▸ Data excerpts

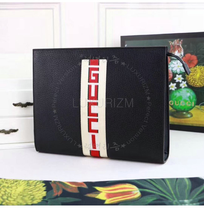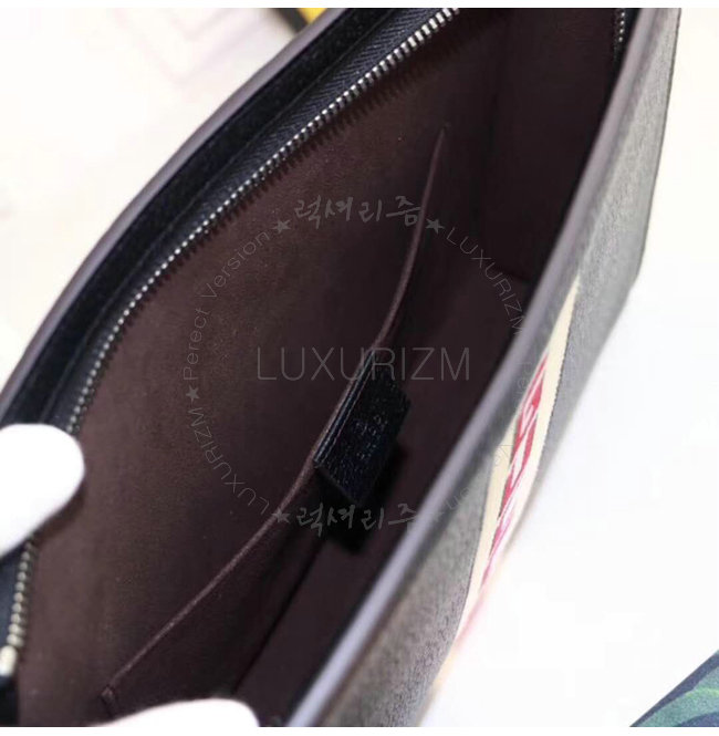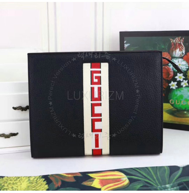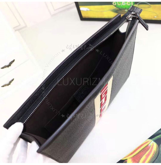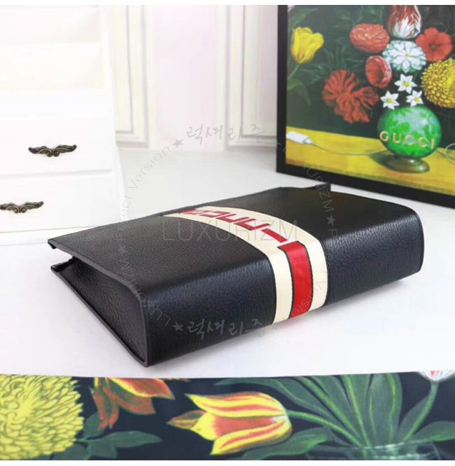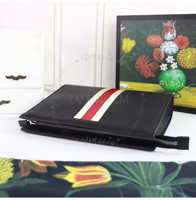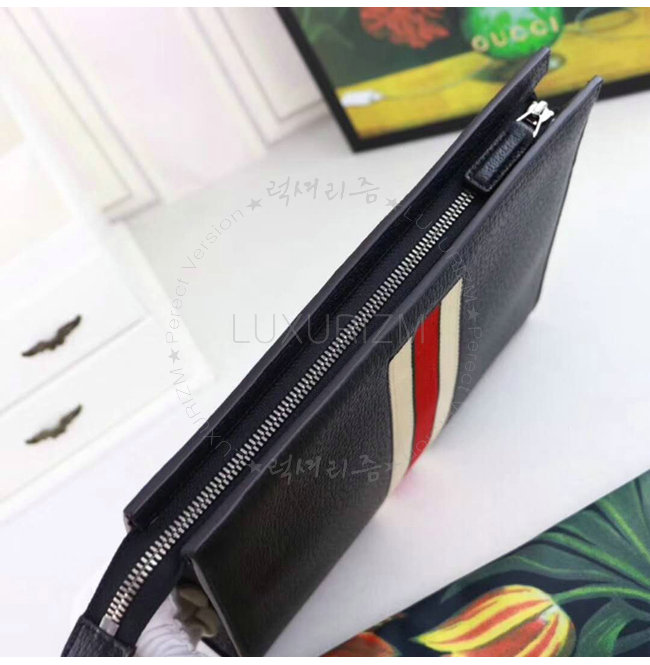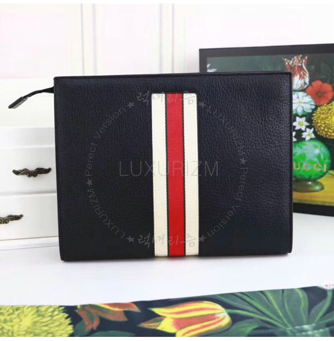 [스페셜오더]GUCCI-475316 1094 구찌 블랙 가죽 스트라이프 파우치
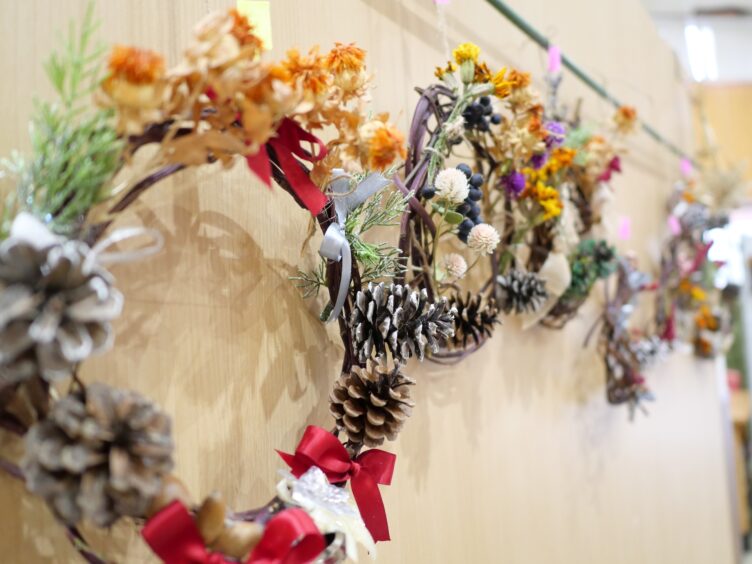 先日、入所の午後活動でクリスマスリース作成を開催しました。
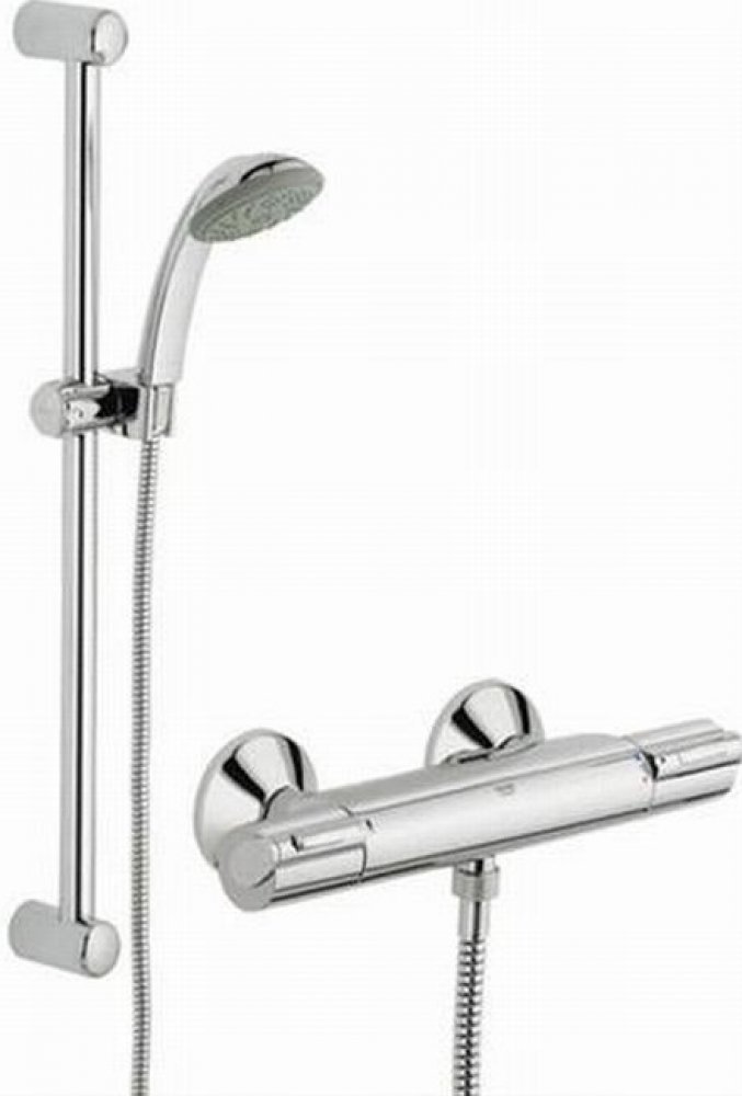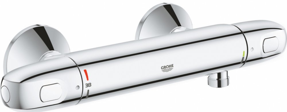 GROHE Grohtherm 1000 New – termostatická sprchová baterie s technologií GROHE CoolTouch® pro komfort v koupelně, na který se můžete spolehnout Znáte ten pocit, kdy stojíte ve sprše a najednou se tekoucí voda stane ledově studenou, protože někdo pustil na jiném místě v domácnosti vodu? Díky této sprchové baterii se již podobná situace nebude opakovat! Může za to technologie GROHE TurboStat®, která zajišťuje okamžité dosažení požadované teploty vody a její udržení. Tlačítko SafeStop zabraňuje, aby teplota vody překročila 38 °C. Pro nastavení vyšší teploty je zapotřebí tlačítko SafeStop stisknout. Technologie GROHE CoolTouch® zabraňuje nadměrnému zahřívání těla termostatické baterie. V rámci ochrany životního prostředí je součástí také tlačítko EcoButton, které umožňuje šetřit vodou při sprchování. Se svými ergonomickými, kovovými rukojeťmi a zářivým chromovým povrchem GROHE StarLight® bude tato termostatická baterie fantastickým doplňkem vaší koupelny. Montáž vaší nové termostatické baterie zabere minimum času, jelikož se instaluje ke stávajícím přípojkám ve zdi.Spolehlivá technologie GROHE TurboStat zajišťuje stálou teplotu vodyGROHE CoolTouch – nikdy příliš horkýTechnologie GROHE EcoJoy® s funkcí úspory vody pro snížení spotřebyEcoButton – snižte spotřebu vody až o 50% stisknutím jediného tlačítkaSnadné čištění díky chromovanému povrchu GROHE StarLight®Tlačítko SafeStop pro ochranu před popálenímGROHE EasyLogic – jednoznačné symboly na těle baterie, které usnadňují její ovládání Aqua Paddle: ergonomický tvar a snadné zacházeníGROHE MetalGrip – vysoce kvalitní kovové rukojeti pro prvotřídní ergonomii a výdržGROHE Grohtherm 1000 New – precizní termostatická technologie do vaší koupelnyPraktičnost, pohodlí a bezpečnost – sofistikované technologie a výjimečná použitelnost jsou klíčovými vlastnostmi vodovodních baterií řady GROHE Grohtherm 1000 New. Široká škála modifikací u produktů této řady skutečně nenechává nic náhodě. K dispozici je nástěnná nebo podomítková varianta bez nebo včetně sprchového setu, technologie GROHE TurboStat® pro udržování stálé teploty, omezovací tlačítko SafeStop či technologie GROHE CoolTouch®, která zabraňuje nepřiměřenému zahřívání povrchu baterie. Díky technologii GROHE EcoJoy® jsou všechny termostatické baterie a sprchy této řady vysoce úsporné. Jejich elegantní, atraktivní design, ergonomické kovové rukojeti a zářivý chromový povrch GROHE StarLight® dokonale zapadne do různých typů koupelnových interiérů, od těch velkých a luxusních po malé koupelny pro hosty. Vzhledem k široké škále různých modelů představuje tato produktová řada dokonalé řešení pro každou koupelnu.Specifikace:Grohtherm 1000Termostatická sprchová baterie, DN 15 montáž na stěnu GROHE CoolTouch technologie zabraňující opaření GROHE StarLight chromový povrch GROHE MetalGrip ergonomicky tvarovaná kovová raménka GROHE SafeStop bezpečnostní zarážka při 43°C GROHE SafeStop Plus (volitelný) dodatečný omezovač teploty při 43°C kompaktní kartuše s termoprvkem integrovaný uzávěr smíšené vody ovládání průtoku s úsporným tlačítkem a individuálně nastavitelnou úspornou zarážkou keramický vršek DN 15, 180° výstup sprchy dole DN 15 integrované zpětné klapky síťka na nečistoty zajištěno proti zpětnému toku S-přípojky kovová rozeta minimální tlak 1,0 bar GROHE EcoJoy technologie pro nízkou spotřebu vody a perfektní průtok
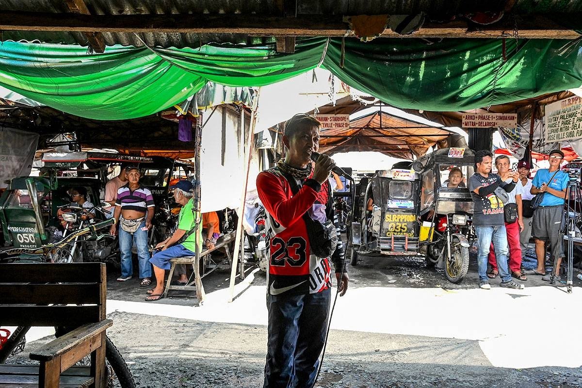 In a hardscrabble district of Manila, kids and younger adults collect exterior a small retailer the place the karaoke machine is in excessive demand.
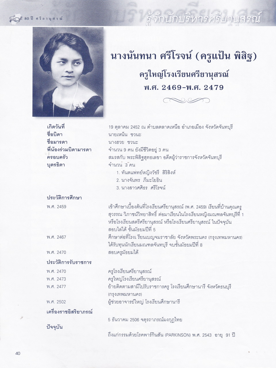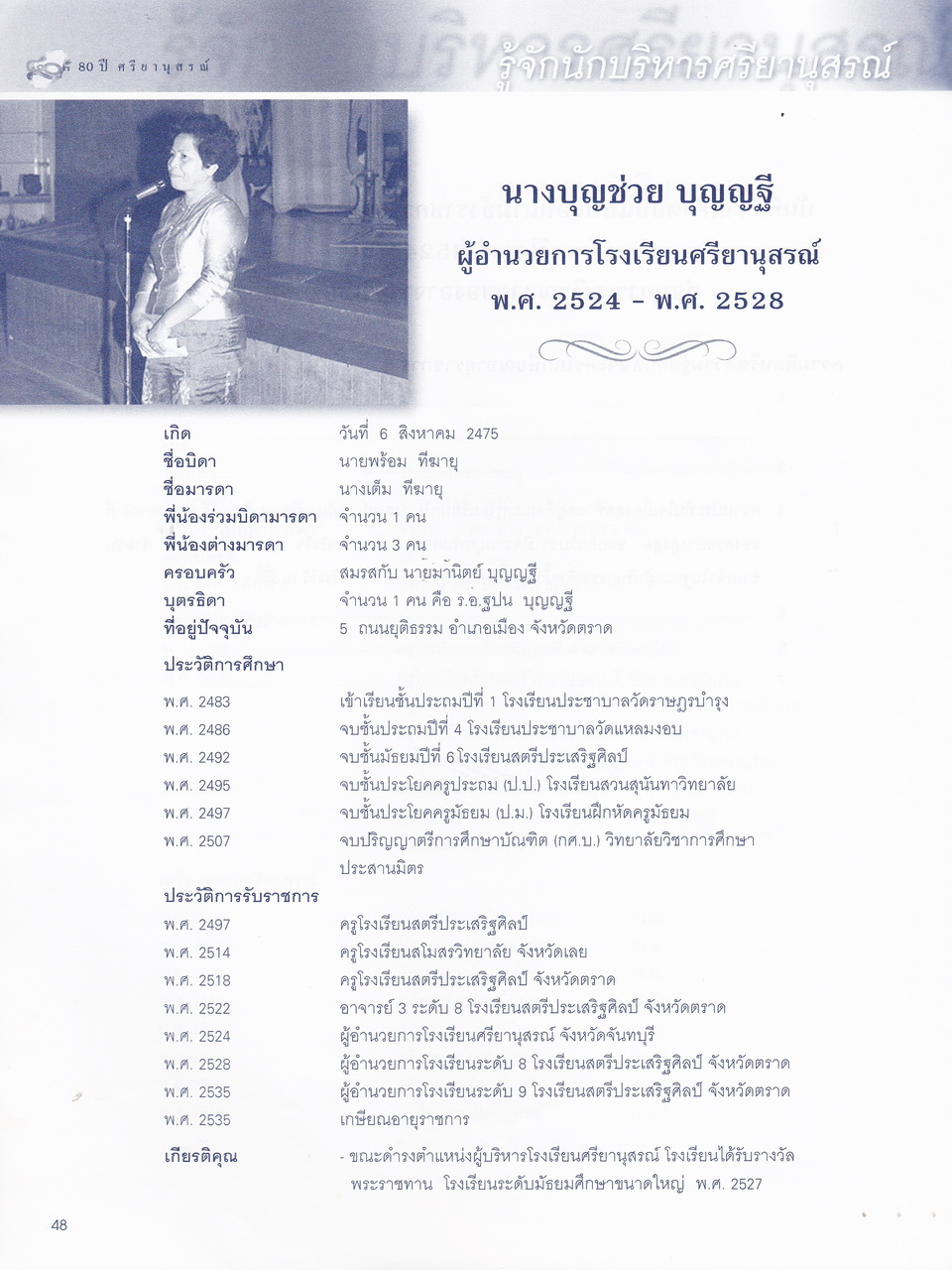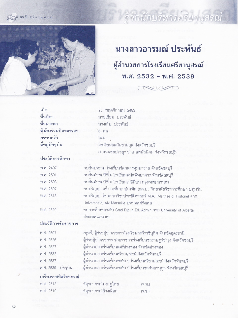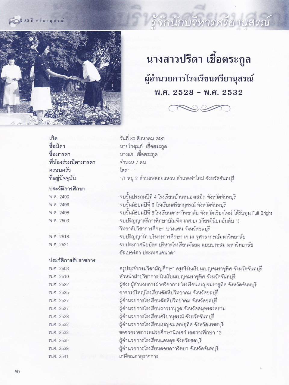 ศรียานุสรณ์, โรงเรียน, “ครบรอบการสถาปนา 80 ปี โรงเรียนศรียานุสรณ์ จันทบุรี,” D-Library | National Library of Thailand, accessed April 2, 2026, http://164.115.27.97/digital2024/items/show/7319.
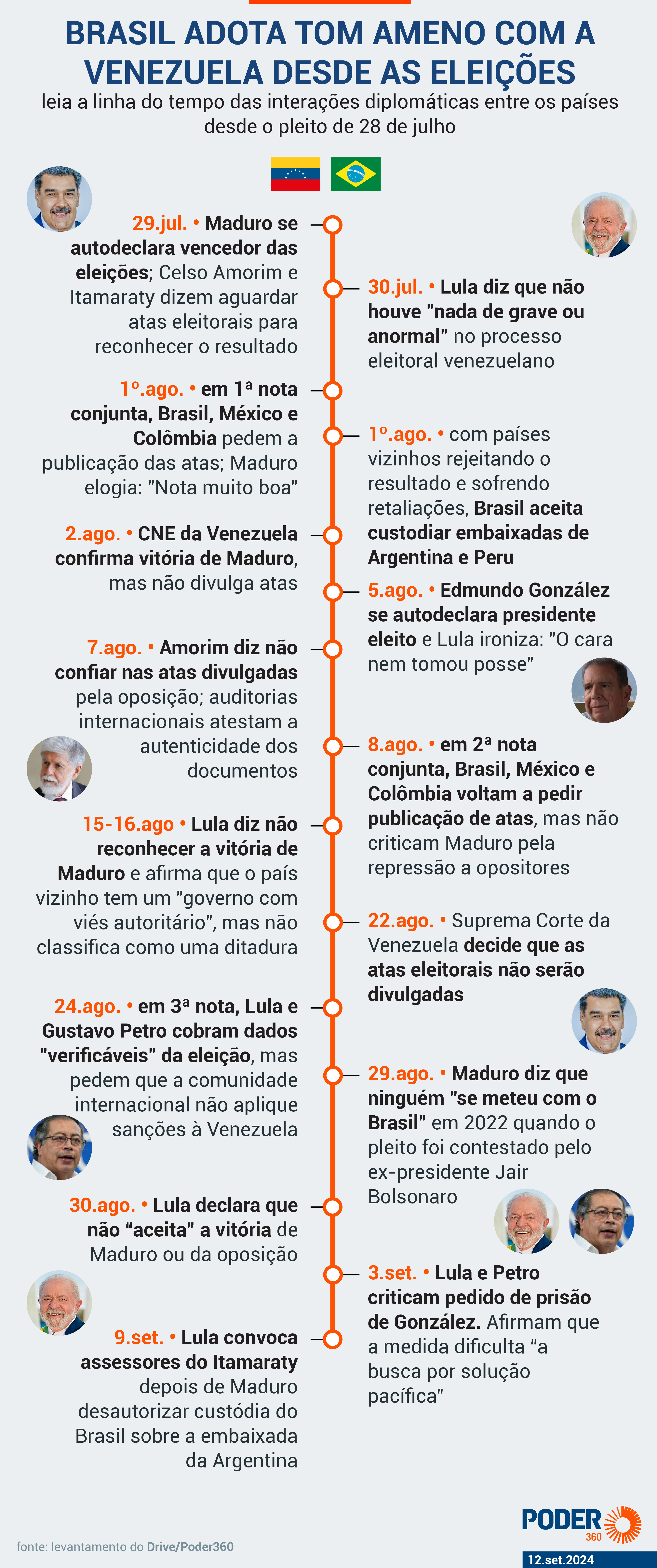 Segundo apurou o Poder360, o governo ficou irritado com a decisão sobre a representação diplomática argentina. Mas mantém o posicionamento de não cortar relações com a Venezuela e continuar com as tentativas de negociação, embora Lula tenha falhado em se qualificar como interlocutor para promover a volta da democracia na Venezuela depois das eleições de 28 de julho.

▸ Instructions to follow
Could you repeat, exactly and with nothing added, the lines from the top of the entries above through the line that holds "先日、入所の午後活動でクリスマスリース作成を開催しました。", leaving out any pictures?

▸ Exercise result
 [스페셜오더]GUCCI-475316 1094 구찌 블랙 가죽 스트라이프 파우치
 先日、入所の午後活動でクリスマスリース作成を開催しました。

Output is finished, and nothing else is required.